Below are entries with pictures among them; reproduce exactly, and only, the lines from the one containing "Recessed LED Clearance & Marker Lights" down to the one containing "FIGURE 5: A", without the pictures.

▸ **Input material**:
------------------------------------------------------------
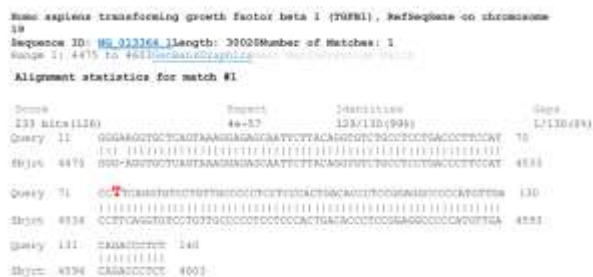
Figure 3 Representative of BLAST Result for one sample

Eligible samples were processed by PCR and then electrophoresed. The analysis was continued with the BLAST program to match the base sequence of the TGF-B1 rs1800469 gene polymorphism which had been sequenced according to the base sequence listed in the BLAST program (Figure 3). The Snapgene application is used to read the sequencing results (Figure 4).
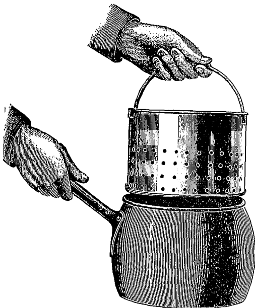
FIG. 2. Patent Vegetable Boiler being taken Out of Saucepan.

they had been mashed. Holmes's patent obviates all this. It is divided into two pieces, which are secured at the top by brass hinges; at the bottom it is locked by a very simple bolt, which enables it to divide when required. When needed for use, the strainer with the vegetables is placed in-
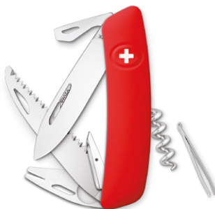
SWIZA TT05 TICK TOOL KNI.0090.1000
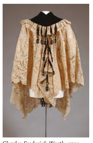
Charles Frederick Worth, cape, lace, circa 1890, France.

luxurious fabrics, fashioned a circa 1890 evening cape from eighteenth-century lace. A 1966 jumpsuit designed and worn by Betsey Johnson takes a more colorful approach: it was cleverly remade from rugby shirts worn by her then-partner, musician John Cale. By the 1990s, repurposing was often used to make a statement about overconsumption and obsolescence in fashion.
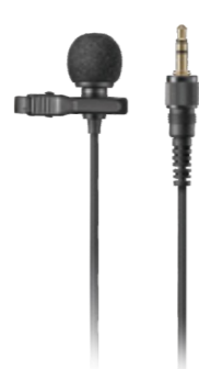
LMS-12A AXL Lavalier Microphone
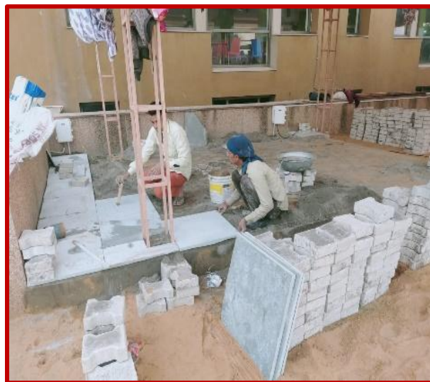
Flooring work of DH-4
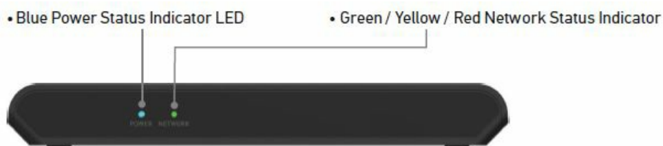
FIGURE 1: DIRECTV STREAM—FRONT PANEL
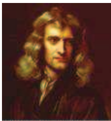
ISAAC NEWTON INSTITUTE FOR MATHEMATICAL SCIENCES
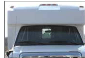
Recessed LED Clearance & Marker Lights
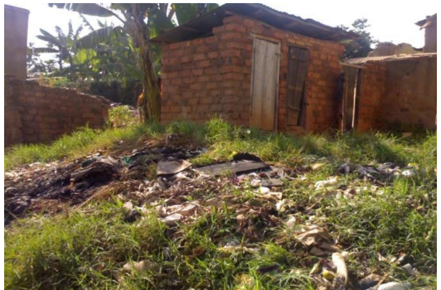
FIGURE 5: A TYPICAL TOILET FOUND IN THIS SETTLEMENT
------------------------------------------------------------
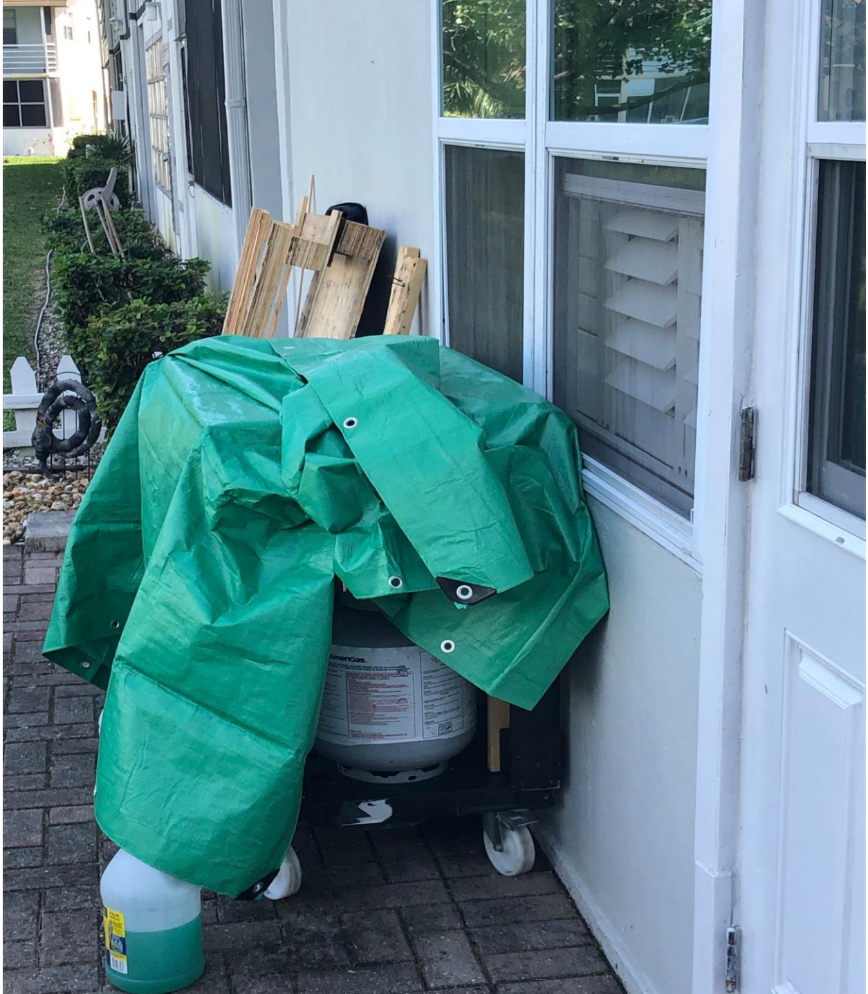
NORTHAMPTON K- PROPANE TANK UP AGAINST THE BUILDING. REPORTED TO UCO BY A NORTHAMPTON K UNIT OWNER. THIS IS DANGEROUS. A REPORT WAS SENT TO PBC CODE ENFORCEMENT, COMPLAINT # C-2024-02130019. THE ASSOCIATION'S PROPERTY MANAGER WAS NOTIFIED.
------------------------------------------------------------
▸ **Response**:
Recessed LED Clearance & Marker Lights
FIGURE 5: A TYPICAL TOILET FOUND IN THIS SETTLEMENT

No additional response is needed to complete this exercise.